*** Available records

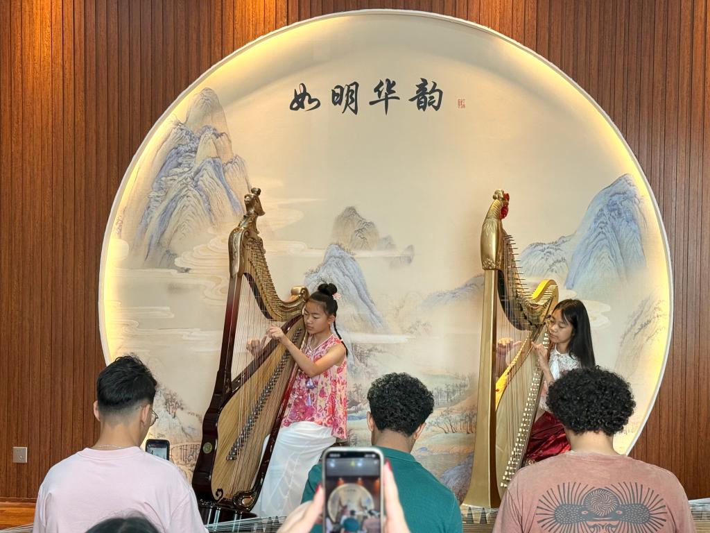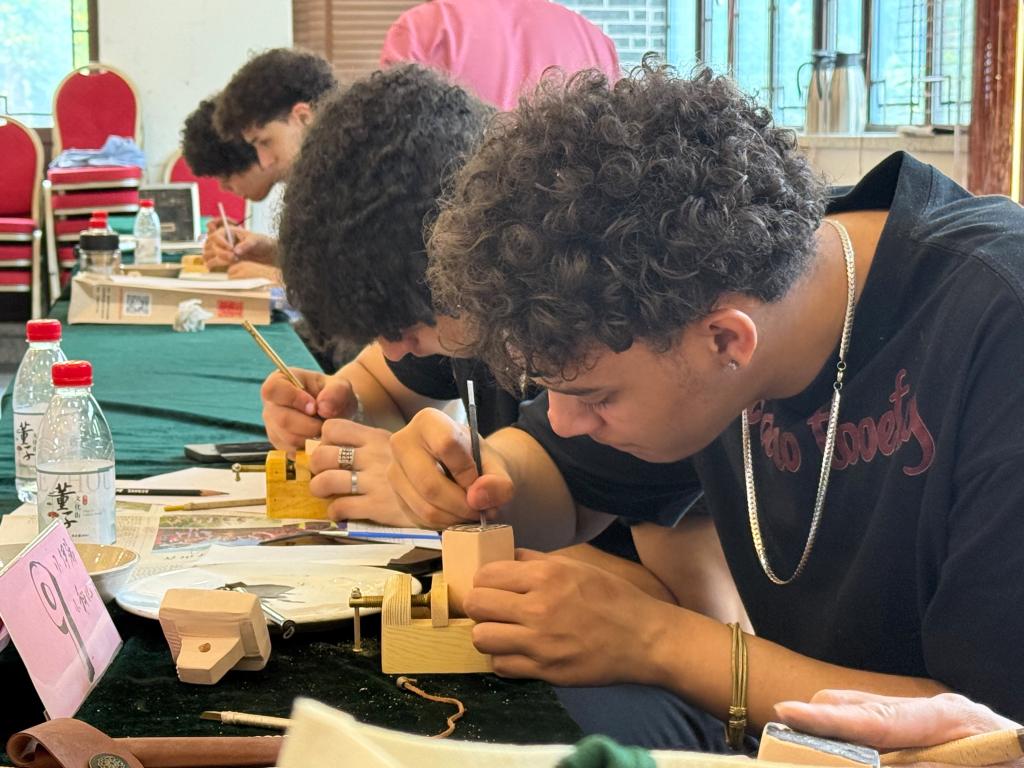 职工们沿着精心设计的路线依次参观了木刻刀笔书画、陶瓷印章制作、刻瓷技艺、金丝彩贴、彩贴绣、玉雕等传统技艺展示。在与各位技艺传承人的亲切交流中,同学们深刻感受到了中华传统手工技艺精雕细琢的独特魅力以及精益求精的工匠精神。同时,传统手工艺和现代艺术的创新融合,也让同学们看到了非遗技艺在当代焕发的新生与活力。此外,同学们还欣赏了源自中国的古老弹拨乐器--箜篌的现场表演,空灵浑厚的音色让同学们深陷其中。通过解说老师的介绍,同学们进一步了解到,这一历史悠久、造型独特的传统乐器流传至各个国家,成为中外文化交流的重要载体。其在传播过程中与各国本土文化深度融合,充分体现了文化互鉴、和而不同的包容性和生命力。
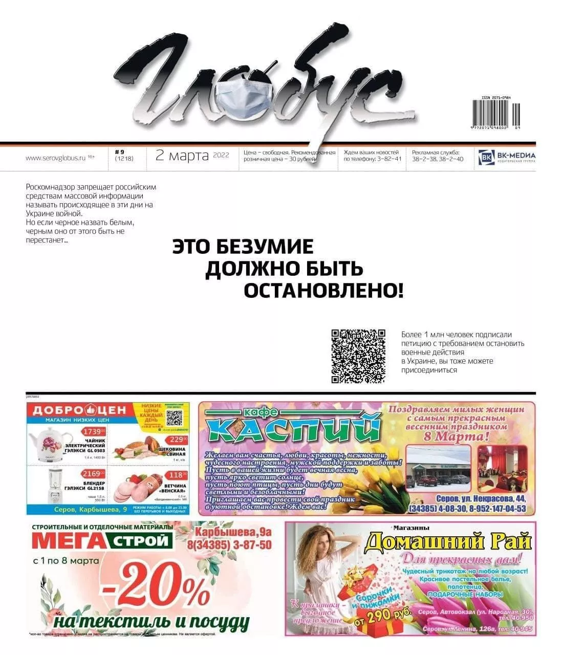 В Свердловской области МВД изъяли тиражи газет «Вечерний Краснотурьинск», «Глобус», «Вечерний Карпинск», «ПроСевероуральск.RU» и «Новый Качканар». Все издания, кроме последнего, входят в медиагруппу «ВК-медиа». Причиной изъятия послужили призывы остановить специальную военную операцию на Украине, сообщили сотрудники изданий.
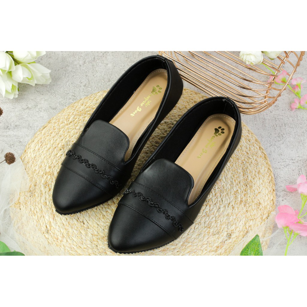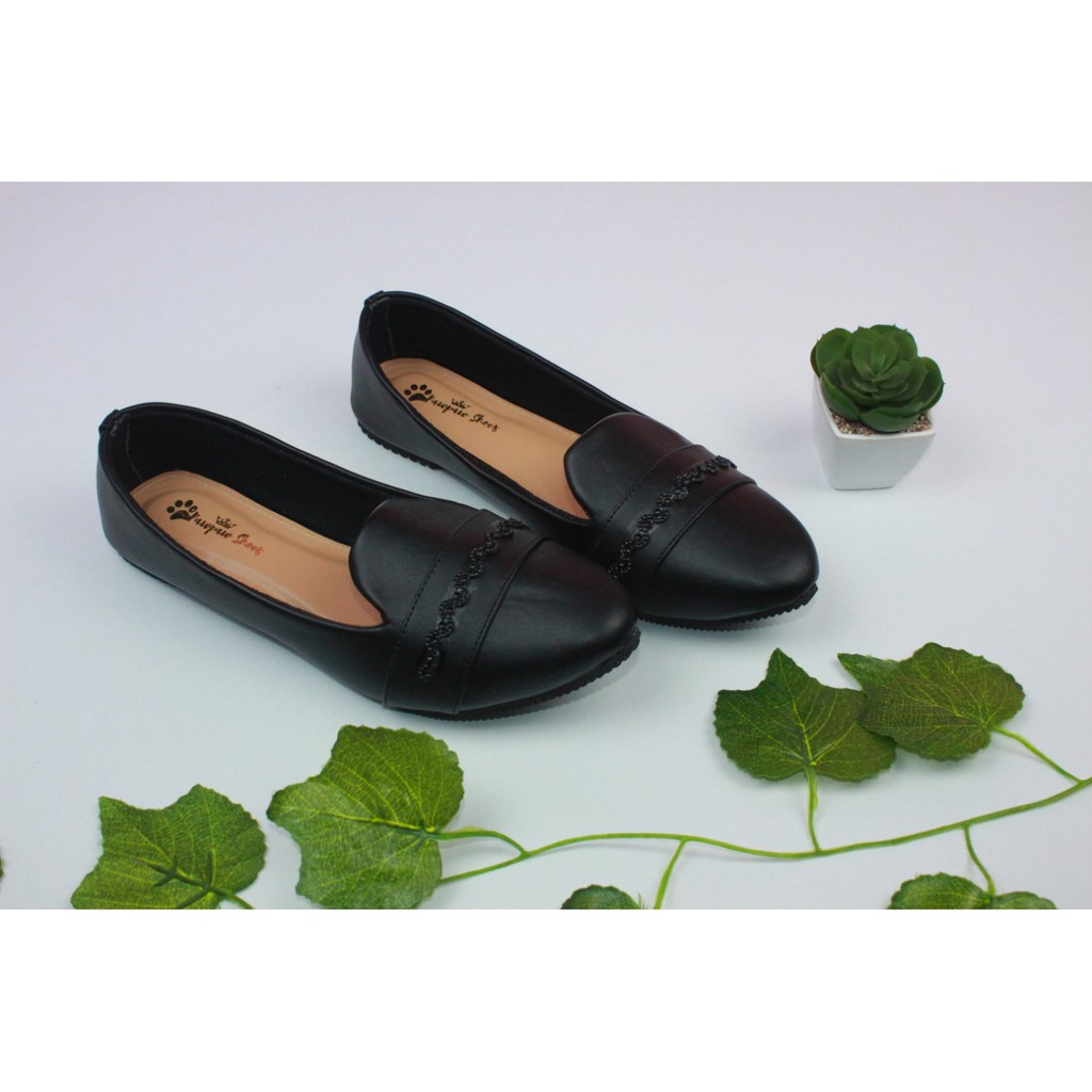 SEPATU WANITA FLATSHOES NADIA BLACK BIG SIZE 41 42 43 44 45 PAWPAW
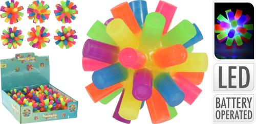 Tokigt studsande studsboll med LED. Drivs av 3xAG13/LR44 (ej utbytbara). Mått: ca 8 cm.
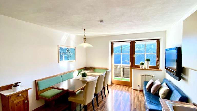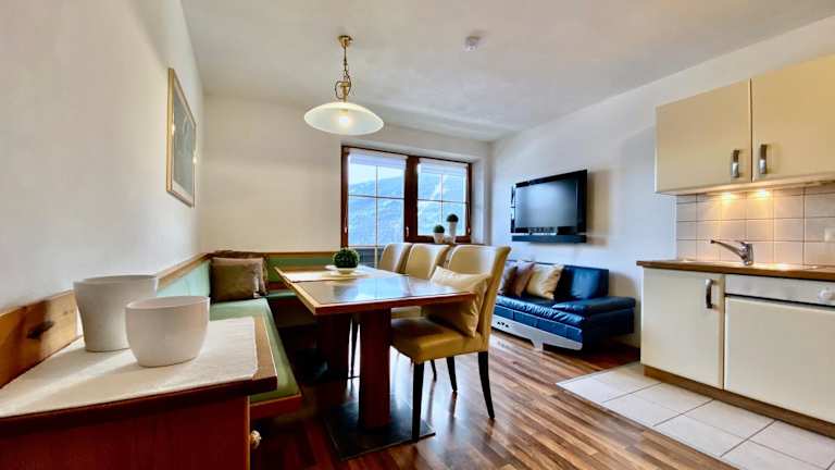 Die Apartments im Hotel Haus Kleinberg bieten Platz für bis zu 8 Personen und sind ideal für Familien oder Gruppen. Jedes Apartment verfügt über 4 Schlafzimmer, jedes mit einem eigenen kleinen Bad. Das geräumige Wohnzimmer ist mit einer voll ausgestatteten Küche, einem Essbereich und einem Balkon mit herrlichem Bergblick ausgestattet. In der Küche finden Sie alle notwendigen Geräte wie Geschirrspüler, Mikrowelle, Kaffeemaschine und Wasserkocher. Auf Anfrage können Ihnen jeden Morgen frische Brötchen geliefert werden, damit Sie gestärkt in den Tag starten können.
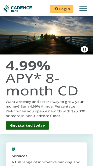 78%Welcome to Cadence Bank. We meet customers where they are in their financial journey, providing expert advice and a broad array of products and services to help them reach their goals.

******

■ **Required work**
What should appear is an exact copy of the lines from the one containing "В Свердловской области" through the last line of the records above, pictures excluded.

■ **Task response**
 В Свердловской области МВД изъяли тиражи газет «Вечерний Краснотурьинск», «Глобус», «Вечерний Карпинск», «ПроСевероуральск.RU» и «Новый Качканар». Все издания, кроме последнего, входят в медиагруппу «ВК-медиа». Причиной изъятия послужили призывы остановить специальную военную операцию на Украине, сообщили сотрудники изданий.
 SEPATU WANITA FLATSHOES NADIA BLACK BIG SIZE 41 42 43 44 45 PAWPAW
 Tokigt studsande studsboll med LED. Drivs av 3xAG13/LR44 (ej utbytbara). Mått: ca 8 cm.
 Die Apartments im Hotel Haus Kleinberg bieten Platz für bis zu 8 Personen und sind ideal für Familien oder Gruppen. Jedes Apartment verfügt über 4 Schlafzimmer, jedes mit einem eigenen kleinen Bad. Das geräumige Wohnzimmer ist mit einer voll ausgestatteten Küche, einem Essbereich und einem Balkon mit herrlichem Bergblick ausgestattet. In der Küche finden Sie alle notwendigen Geräte wie Geschirrspüler, Mikrowelle, Kaffeemaschine und Wasserkocher. Auf Anfrage können Ihnen jeden Morgen frische Brötchen geliefert werden, damit Sie gestärkt in den Tag starten können.
 78%Welcome to Cadence Bank. We meet customers where they are in their financial journey, providing expert advice and a broad array of products and services to help them reach their goals.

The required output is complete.